Our first generation vaccine candidate has been tested at the University of Massachusetts Medical School in a phase 1 clinical trial DP6-001. The current, second-generation, candidate PDPHV-201401 was tested in a phase 1a clinical trial HVTN 124 conducted by the NIH-sponsored HIV Vaccine Trials Network (HVTN). The phase 1b trial WHV 138 launched in 2021 and will further explore the administration of the vaccine components to optimize immune responses. Phase 2a trial WHV 238 is under development and will focus on identifying optimal vaccine formulation and administration schedule to be tested in a Phase 2b efficacy trial. Read more about our trials below.
WHV 138 Trial – Phase 1b
Building on the positive results from the HVTN 124 trial, WHV 138 Phase 1b trial will explore simplified administration of the vaccine. Group 1 will explore the safety and immunogenicity of DNA and adjuvanted protein administered at different sites for four immunizations over the course of 12 months. Group 2 will explore the safety and immunogenicity of the DNA and protein mixed and administered together without the adjuvant for five immunizations over the course of 8 months.
The trial started recruiting in July 2021 and completed enrollment in May 2022. The trial is ongoing.
ClinicalTrials.gov Identifier: NCT04927585
HVTN 124 Trial – Phase 1a
The second generation of the vaccine, PDPHV-201401, recently completed testing in a Phase I trial HVTN 124. The trial explored the safety and the immunogenicity of the vaccine candidate. It also compared the sequential 3 DNA-prime plus 2 protein-boost administration to five simultaneous administrations of DNA and protein at different sites. Learn more about our Vaccine Approach.
HVTN 124 protocol opened on March 16, 2018, the vaccinations were completed on October 16, 2019, and preliminary immunogenicity data analyses were presented at the HVTN Full Group Meeting in May 2021.
ClinicalTrials.gov Identifier: NCT03409276
DP6-001 Trial – Phase 1 (first generation PDPHV)
The DP6-001 Phase I clinical trial was conducted in 2004-2006 to test the safety and immunogenicity of the first generation of the polyvalent DNA-prime/protein-boost vaccine. This initial formulation was based on the limited number of primary isolates of HIV-1 available in the 1990s and used QS-21 as an adjuvant.

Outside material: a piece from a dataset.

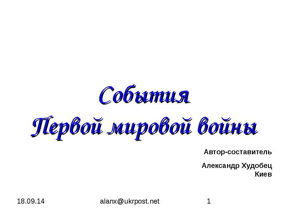 События Первой мировой войны Автор-составитель Александр Худобец Киев [email protected]

ClinicalTrials.gov Identifier: NCT00061243
Binding antibody titers
In the groups receiving low doses of DNA, most volunteers had undetectable levels of Env-specific antibody responses after 3 DNA immunizations. However, the antibody titers rose quickly after just one protein boost. The anti-gp120 IgG titers reached levels comparable to those observed in chronically infected HIV patients (i.e. 1:105 or higher). By the end of the trial at week 52, participants in group B maintained significant levels of serum anti-gp120 IgG titers. Furthermore, Western blot analysis revealed that antibodies were broadly reactive against a wide range of 11 heterologous primary HIV-1 gp120 antigens (Wang, 2008).
Virus neutralization activity
A study of antibody neutralization activity found high-titer nAb responses in all vaccinated volunteers’ sera against 3 sensitive Tier 1A viruses. Testing the sera against a panel of 11 heterologous primary viruses from subtypes A to E revealed that a majority of volunteers had positive Nab activities against at least half of the pseudotyped viruses expressing primary Env antigens (Wang, 2008). The levels of neutralization were higher than what was reported in previous literature with different HIV vaccine designs that included a DNA component.
ADCC activity
Antibody-dependent cellular cytotoxicity (ADCC) is an important function of antibodies that allows efficient killing of infected cells. A panel of human mAbs was isolated from DP6-001 volunteers and showed potent and broadly reactive ADCC activities (Costa, 2016). In addition, ADCC activities were identified in sera from selected DP6-001 volunteers and the titer increased following each immunization. Further studies are planned to analyze the serum ADCC activities with the entire DP6-001 volunteer population.
T cell immunity
The vaccine also elicited cell-mediated immunity in the volunteers. Overall, 83-100% of volunteers had positive Env-specific IFN-γ responses that were mediated predominantly by polyfunctional CD4+ T cells (Bansal, 2008). HIV-1 specific CD8+ T cell responses were also detected in the high dose group, but at a lower frequency.